It is next contended that there could have been no reliance on the financial statement because the loan company actually agreed to make the loan on January 21, the day before the statement was drawn up. Again, the evidence relating to this contention is conflicting. Swanson testified that since the previous December, he had had no further dealings with the bankrupt until January 22, when he and his wife came into the office to apply for the second loan. But the bankrupt testified that he called at the loan company office late in the afternoon of January 21; that at that time he applied for the loan; and that he was then told to come back the next day with his wife to sign the papers. We are told that Swanson's testimony is discredited, and that of the bankrupt supported, by the notation "1/21/52," in the chattel search section of the application form; that it should be inferred from this notation that a chattel mortgage search was ordered on the 21st, and that it must, therefore, be concluded that the company had decided to make the loan before the financial statement was executed on the 22nd.
Our attention is next directed to a supervisor's notation on the application form which indicates that six of the loan company's customers had been referred there by the bankrupt. The notation then states that the bankrupt is "a good booster for us — so take a chance." We are asked to infer from this that the loan was made, not in reliance on the financial statement, but rather because the bankrupt had sent some business to the company.
Finally, it is contended that the loan company could not have been deceived by the false financial statement because a debt owing to the South Works Employees Credit Union, the largest of the unlisted obligations, was noted on the bankrupt's application form in the company's files.
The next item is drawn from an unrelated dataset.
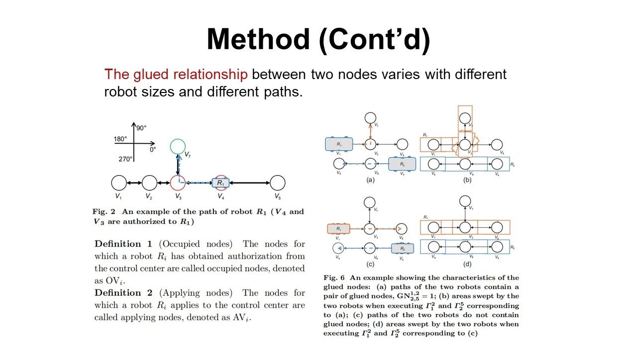 基于区域控制的方法首先需要将环境划分为不相交区域,然后通过区域的分配静态或动态地进行运动协同。但是,这种基于区域控制的方法对于变尺寸机器人不够精确,降低系统效率。因此,提出一种基于粘连节点的运动协调方法,可基于路线图和机器人实时路径动态避免碰撞和死锁。粘连节点的动态特性使该方法不必对环境分区即可适用于各种场景。

Apparently this notation was made in connection with the December loan, but it is insisted that the loan company must have known that the bankrupt could not have discharged the debt in the short time intervening.
Without deciding whether these arguments might be meritorious if presented in the proper forum, we think it is obvious that they could be directed only to the referee. It is not our function to resolve controverted factual questions nor to draw inferences, contrary to those drawn by the referee, from evidence which is susceptible of various interpretations. Whether the financial statement was dictated by Swanson, whether it could be inferred that he agreed on the 21st to make the loan, and the significance of the various notations on the application form, when considered with the oral testimony, were matters within the province of the referee to determine. Of course, we have before us the documentary evidence, which seems to give plausibility to the arguments advanced. But that evidence was before the referee, and it is not necessarily inconsistent with the inferences which he drew. Of much greater importance than this was the determination of the credibility of the various witnesses, a matter which only the referee was competent to judge. It is no doubt true that he could properly have resolved these factual issues favorably to the bankrupt. However, we cannot say from this record that the finding of detrimental reliance is clearly erroneous. The referee's finding was, therefore, properly accepted by the District Court. General Order in Bankruptcy 47, 11 U.S.C.A. following section 53; In re Berberich, 7 Cir., 190 F.2d 53.
The argument concerning the company's knowledge of the credit union debt might be so compelling as to require a different conclusion, if it were not for other circumstances in the case. But even if we were to assume that as a matter of law the loan company had notice of this outstanding obligation, the admitted existence of other unlisted debts would sustain the referee's finding.
It is also contended that the bankrupt, being illiterate, did not sign the financial statement with knowledge of its falsity. However, the record indicates that he had had considerable experience in dealing with loan companies; that he was aware of the requirement that existing debts be fully disclosed; and that his wife thought he knew the statement was false. There is evidence that Swanson, the loan company manager, questioned the bankrupt about his outstanding obligations and reviewed with him and his wife the listings in the financial statement. The bankrupt admitted, moreover, that he made no attempt to ascertain whether or not his wife had listed all of their debts. Considering all the circumstances, we think the evidence at least justified the finding that he signed the financial statement with reckless indifference as to whether or not it was true. This was sufficient to prevent the discharge, even if he did not actually know that the statement was false, since the loan company is held to have relied on the statement. Morimura, Arai & Co. v. Taback, 279 U.S. 24, 33, 49 S.Ct. 212, 73 L.Ed. 586; In re Finn, 3 Cir., 119 F.2d 656, 658; In re Lessler, 2 Cir., 74 F.2d 249, 250.